The data:
== Segment start ==
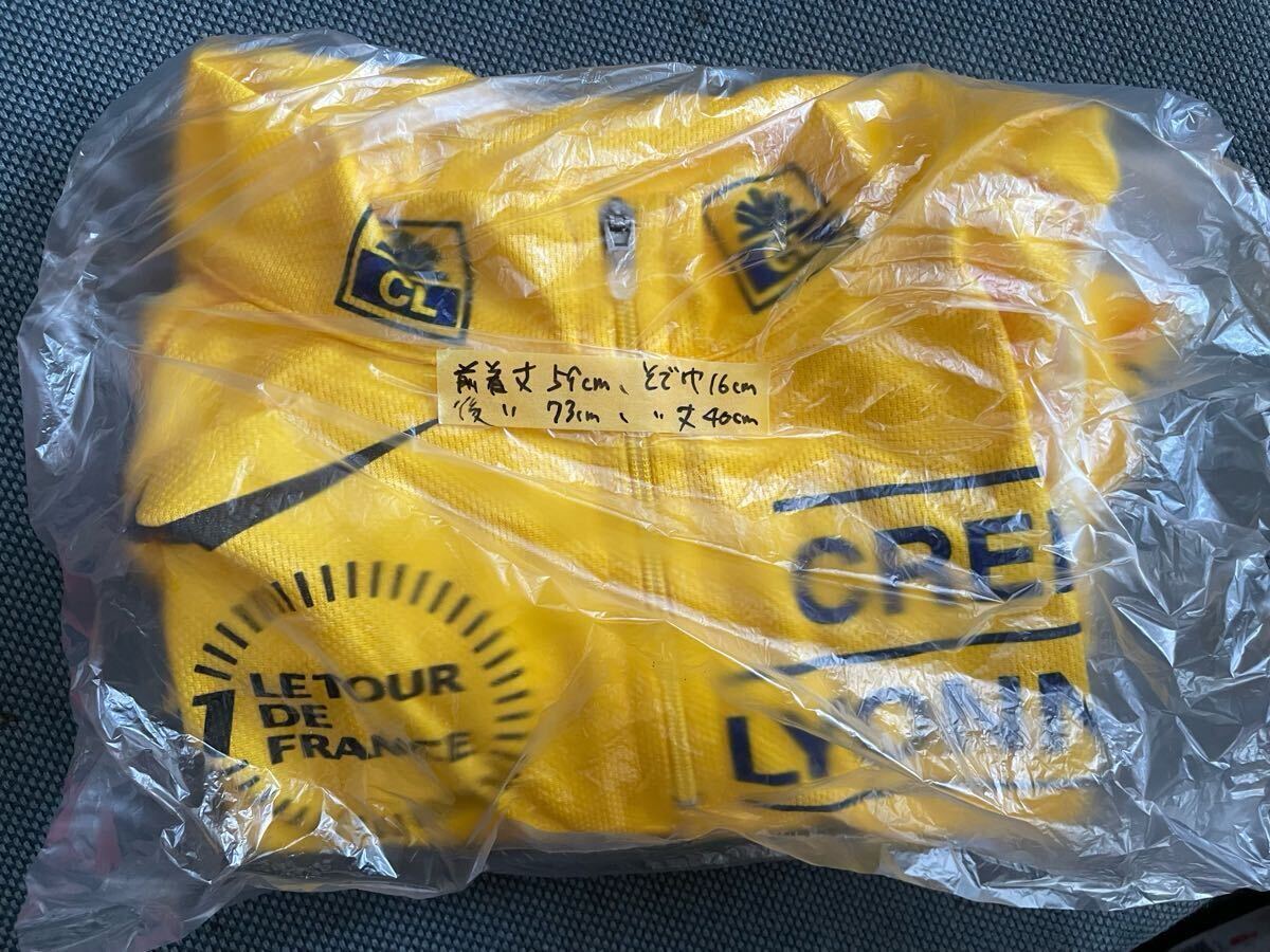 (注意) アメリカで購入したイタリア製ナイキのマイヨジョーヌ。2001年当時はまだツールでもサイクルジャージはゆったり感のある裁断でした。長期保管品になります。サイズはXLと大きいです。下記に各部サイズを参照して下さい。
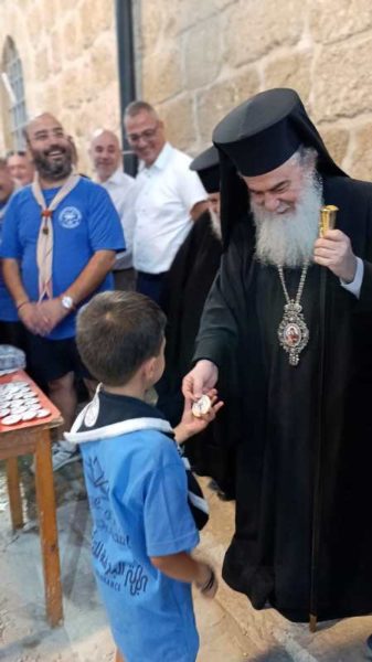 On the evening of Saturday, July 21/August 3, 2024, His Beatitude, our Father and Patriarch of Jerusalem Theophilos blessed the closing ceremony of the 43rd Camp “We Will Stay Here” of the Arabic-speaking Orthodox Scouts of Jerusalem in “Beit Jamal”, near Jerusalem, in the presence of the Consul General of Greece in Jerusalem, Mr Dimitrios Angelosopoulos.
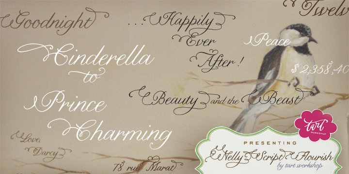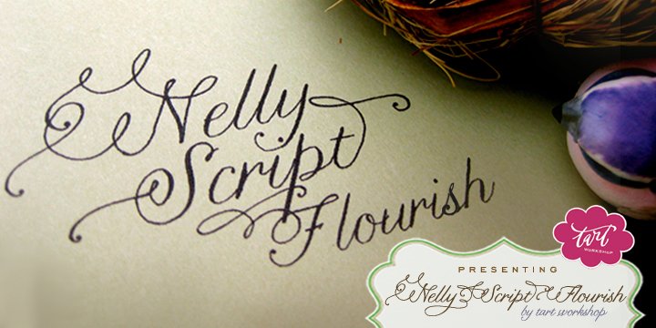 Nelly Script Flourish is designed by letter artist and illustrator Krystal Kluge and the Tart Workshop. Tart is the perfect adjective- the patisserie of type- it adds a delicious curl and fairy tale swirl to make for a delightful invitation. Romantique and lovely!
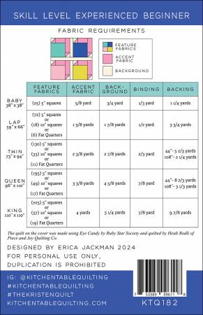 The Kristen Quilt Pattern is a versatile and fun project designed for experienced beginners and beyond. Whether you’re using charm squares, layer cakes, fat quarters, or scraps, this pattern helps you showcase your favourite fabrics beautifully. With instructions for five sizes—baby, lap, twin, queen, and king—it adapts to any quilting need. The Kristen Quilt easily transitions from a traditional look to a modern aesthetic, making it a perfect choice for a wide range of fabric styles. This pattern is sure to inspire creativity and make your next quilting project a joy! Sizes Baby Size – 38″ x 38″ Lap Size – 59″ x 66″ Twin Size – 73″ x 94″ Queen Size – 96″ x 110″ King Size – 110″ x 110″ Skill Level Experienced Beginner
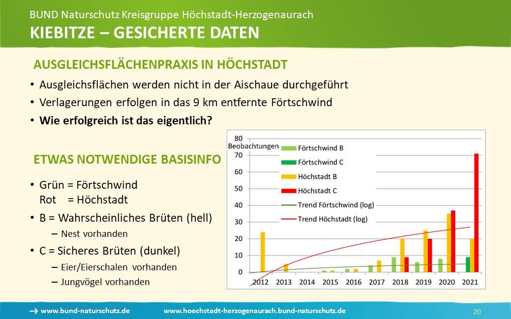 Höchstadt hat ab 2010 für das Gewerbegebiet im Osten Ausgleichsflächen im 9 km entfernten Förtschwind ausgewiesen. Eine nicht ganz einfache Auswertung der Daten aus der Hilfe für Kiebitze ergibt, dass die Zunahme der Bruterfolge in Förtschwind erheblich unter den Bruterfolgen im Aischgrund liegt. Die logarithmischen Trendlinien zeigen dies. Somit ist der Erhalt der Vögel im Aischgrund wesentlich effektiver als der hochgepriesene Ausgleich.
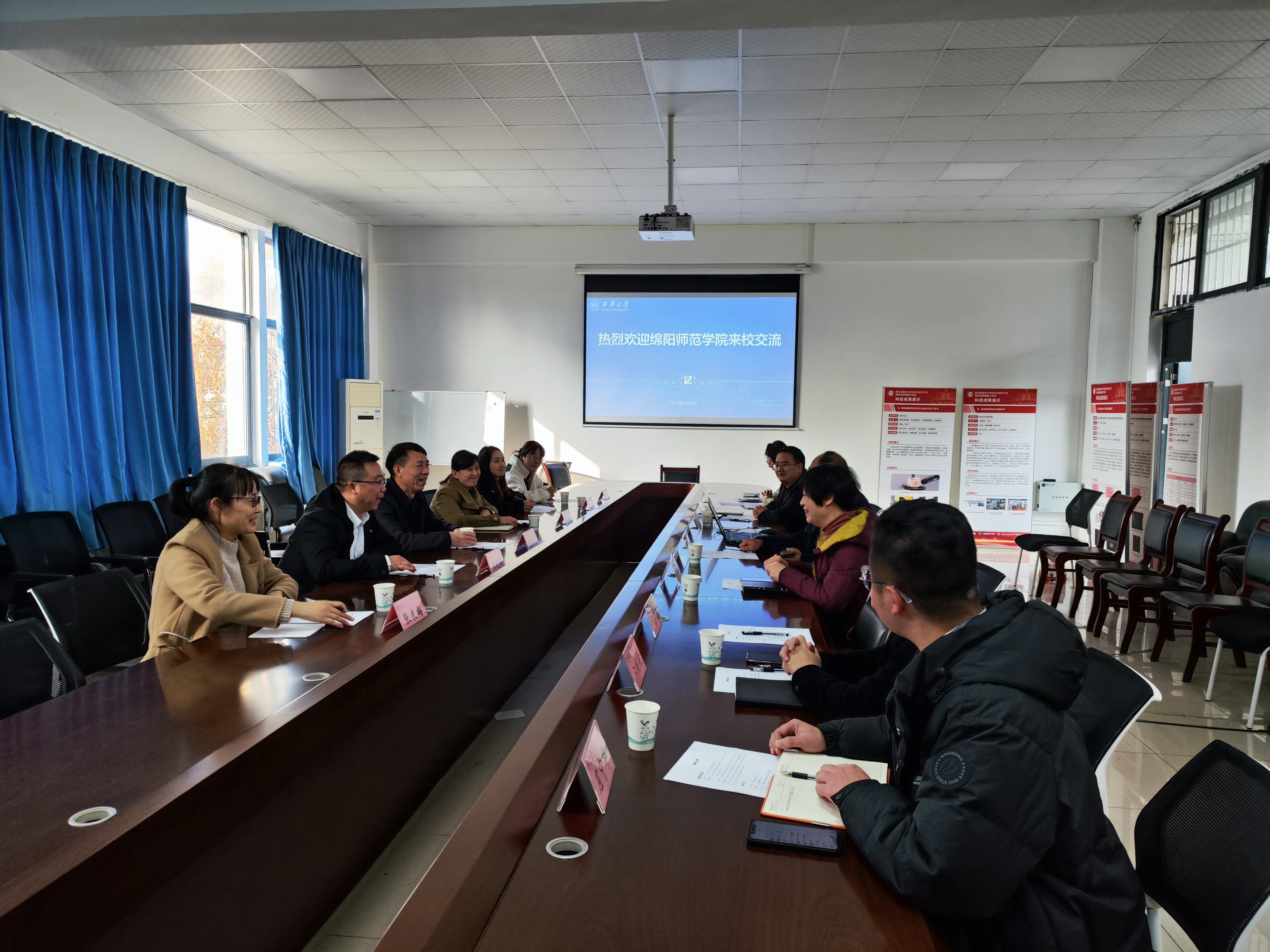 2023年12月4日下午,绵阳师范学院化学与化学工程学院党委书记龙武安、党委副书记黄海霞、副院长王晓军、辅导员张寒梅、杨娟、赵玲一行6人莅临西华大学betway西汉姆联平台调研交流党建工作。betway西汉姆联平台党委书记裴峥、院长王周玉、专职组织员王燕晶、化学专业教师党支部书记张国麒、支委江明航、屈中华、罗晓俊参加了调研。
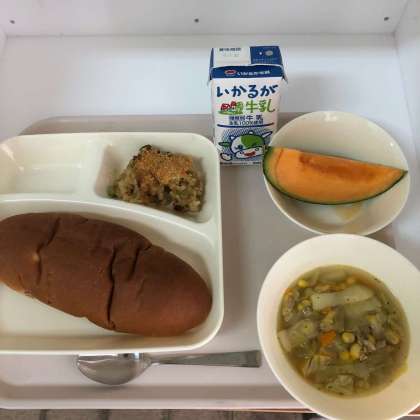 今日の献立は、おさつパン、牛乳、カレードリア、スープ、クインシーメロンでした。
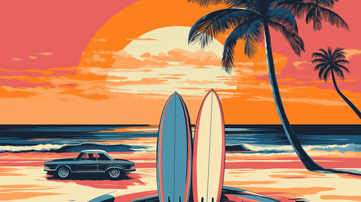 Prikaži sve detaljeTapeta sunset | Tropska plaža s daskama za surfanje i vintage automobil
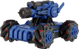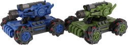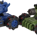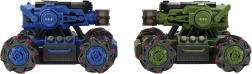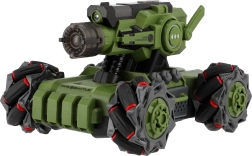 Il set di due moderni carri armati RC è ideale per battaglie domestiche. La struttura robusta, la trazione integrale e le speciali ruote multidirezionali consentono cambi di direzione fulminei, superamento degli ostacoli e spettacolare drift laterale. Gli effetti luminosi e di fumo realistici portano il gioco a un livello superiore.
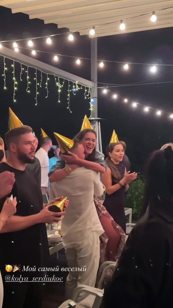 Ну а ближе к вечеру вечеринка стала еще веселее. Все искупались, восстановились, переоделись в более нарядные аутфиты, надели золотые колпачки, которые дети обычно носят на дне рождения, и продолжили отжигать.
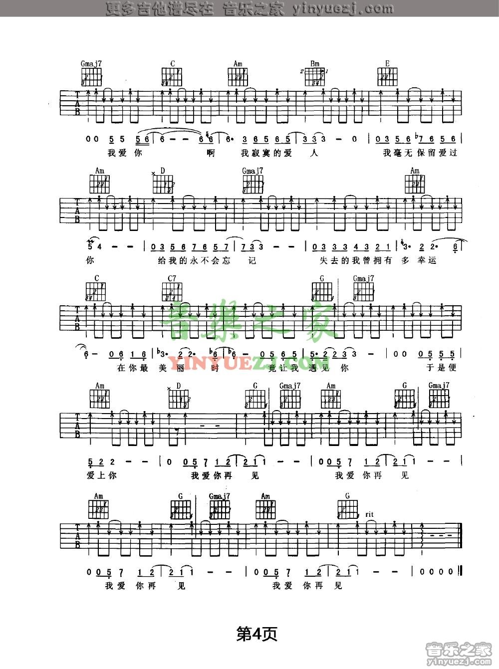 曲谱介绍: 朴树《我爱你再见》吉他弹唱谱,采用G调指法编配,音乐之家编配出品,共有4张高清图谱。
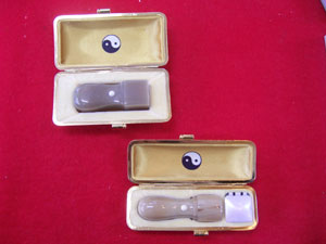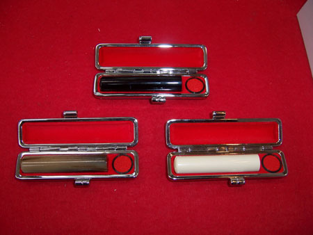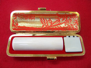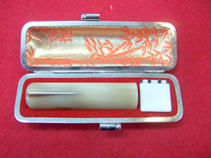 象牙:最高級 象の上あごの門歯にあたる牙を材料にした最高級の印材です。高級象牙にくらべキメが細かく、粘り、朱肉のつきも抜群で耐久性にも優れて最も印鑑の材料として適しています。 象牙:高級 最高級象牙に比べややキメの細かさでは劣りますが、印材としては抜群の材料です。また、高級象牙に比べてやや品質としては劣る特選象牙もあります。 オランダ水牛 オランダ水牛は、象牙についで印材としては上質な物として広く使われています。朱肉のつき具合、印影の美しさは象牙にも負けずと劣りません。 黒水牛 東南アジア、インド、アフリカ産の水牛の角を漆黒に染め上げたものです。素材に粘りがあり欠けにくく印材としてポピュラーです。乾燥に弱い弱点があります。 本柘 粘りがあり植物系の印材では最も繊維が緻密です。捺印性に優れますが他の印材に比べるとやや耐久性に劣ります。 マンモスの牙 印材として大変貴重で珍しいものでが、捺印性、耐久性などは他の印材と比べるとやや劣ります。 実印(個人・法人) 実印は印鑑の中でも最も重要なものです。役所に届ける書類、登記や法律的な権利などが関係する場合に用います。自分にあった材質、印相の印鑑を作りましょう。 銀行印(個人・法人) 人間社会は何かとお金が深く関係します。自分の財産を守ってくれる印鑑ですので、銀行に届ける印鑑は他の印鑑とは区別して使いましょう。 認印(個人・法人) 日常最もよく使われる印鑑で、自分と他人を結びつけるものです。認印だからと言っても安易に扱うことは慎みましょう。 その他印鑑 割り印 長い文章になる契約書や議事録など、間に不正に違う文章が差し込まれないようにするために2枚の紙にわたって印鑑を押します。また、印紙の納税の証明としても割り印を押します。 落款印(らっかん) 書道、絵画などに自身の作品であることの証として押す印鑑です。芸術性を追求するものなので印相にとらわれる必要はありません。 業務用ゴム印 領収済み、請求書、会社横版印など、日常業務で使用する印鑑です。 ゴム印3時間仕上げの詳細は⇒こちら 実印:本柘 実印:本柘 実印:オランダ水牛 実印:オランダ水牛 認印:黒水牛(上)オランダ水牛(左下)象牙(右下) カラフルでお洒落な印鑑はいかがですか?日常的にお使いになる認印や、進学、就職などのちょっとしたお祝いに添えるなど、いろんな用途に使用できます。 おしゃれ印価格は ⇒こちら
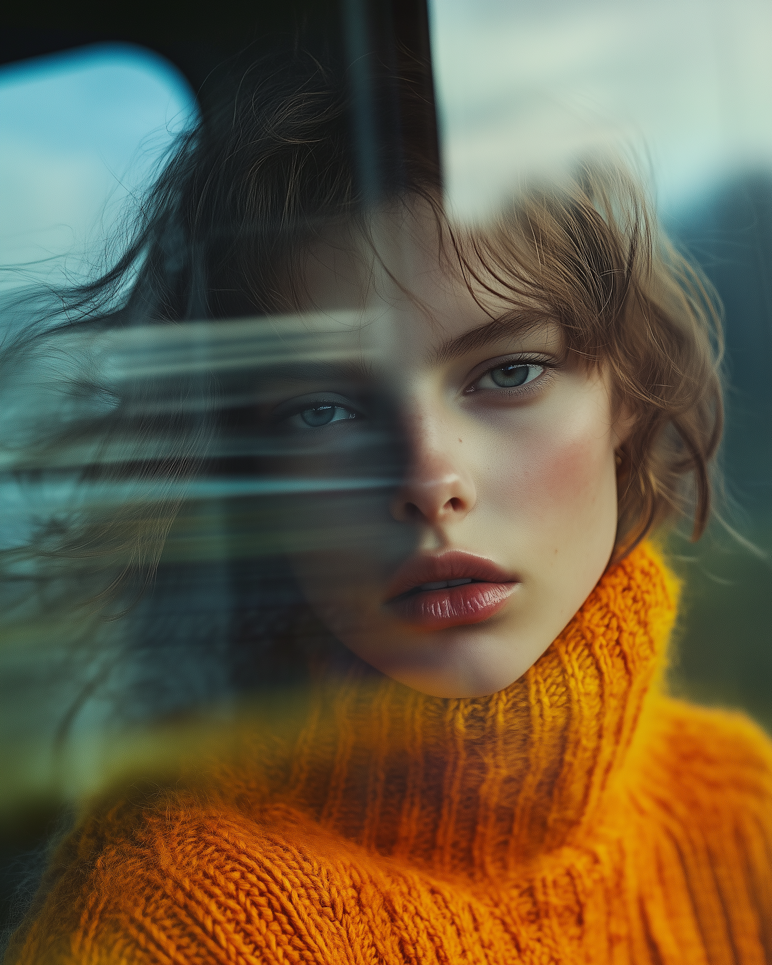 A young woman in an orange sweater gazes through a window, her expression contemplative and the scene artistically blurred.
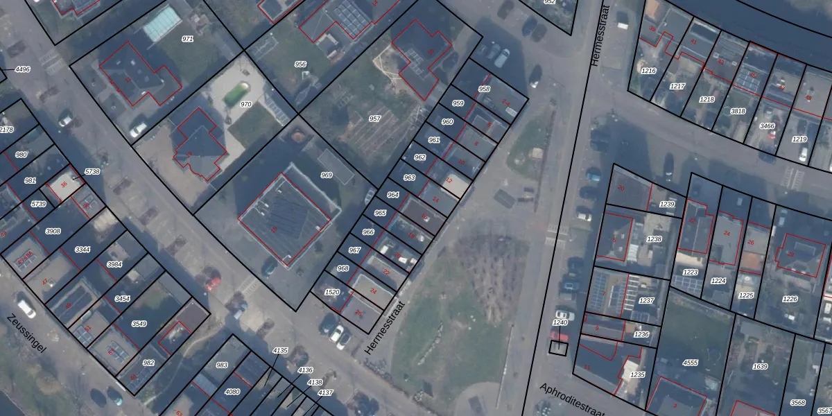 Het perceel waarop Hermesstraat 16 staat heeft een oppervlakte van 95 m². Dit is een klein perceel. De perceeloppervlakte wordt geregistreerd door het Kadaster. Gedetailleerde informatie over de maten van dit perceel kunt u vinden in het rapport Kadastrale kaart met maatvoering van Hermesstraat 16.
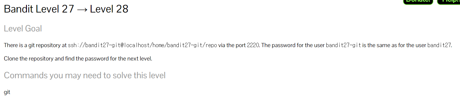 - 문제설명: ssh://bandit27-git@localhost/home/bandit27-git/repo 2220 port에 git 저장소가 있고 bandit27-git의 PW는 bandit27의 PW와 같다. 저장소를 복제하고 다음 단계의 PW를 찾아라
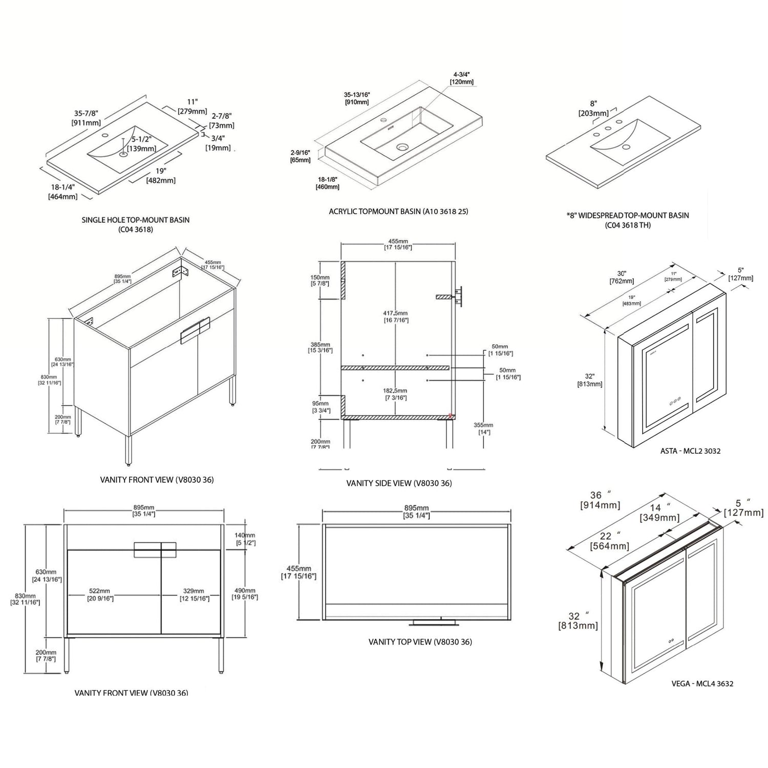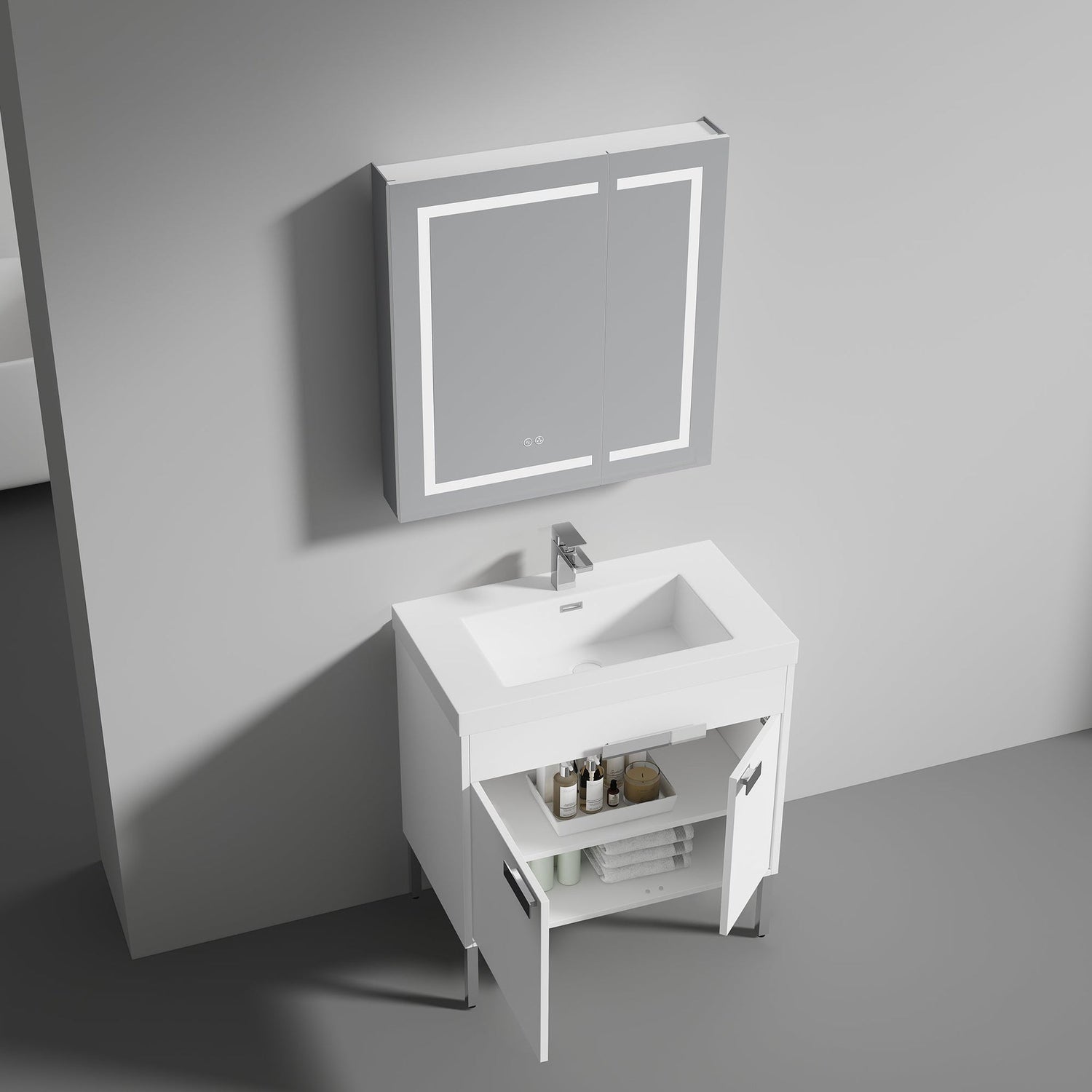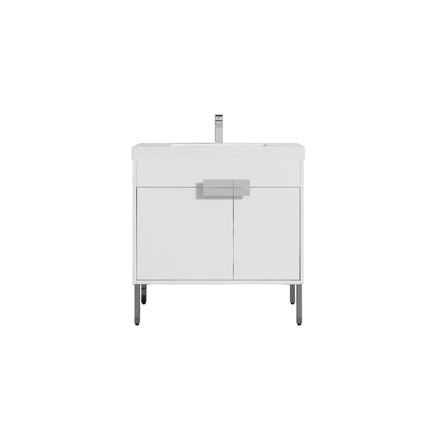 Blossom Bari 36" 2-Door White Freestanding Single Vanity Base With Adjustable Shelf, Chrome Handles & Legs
== Segment end ==
Task description: Transcribe only this stretch of the data: the line with "今日の献立は、おさつパン、牛乳、カレードリア、スープ、クインシーメロンでした。", the line with "Il set di due", and every line in between. Leave out the pictures.

Output for this exercise:
 今日の献立は、おさつパン、牛乳、カレードリア、スープ、クインシーメロンでした。
 Prikaži sve detaljeTapeta sunset | Tropska plaža s daskama za surfanje i vintage automobil
 Il set di due moderni carri armati RC è ideale per battaglie domestiche. La struttura robusta, la trazione integrale e le speciali ruote multidirezionali consentono cambi di direzione fulminei, superamento degli ostacoli e spettacolare drift laterale. Gli effetti luminosi e di fumo realistici portano il gioco a un livello superiore.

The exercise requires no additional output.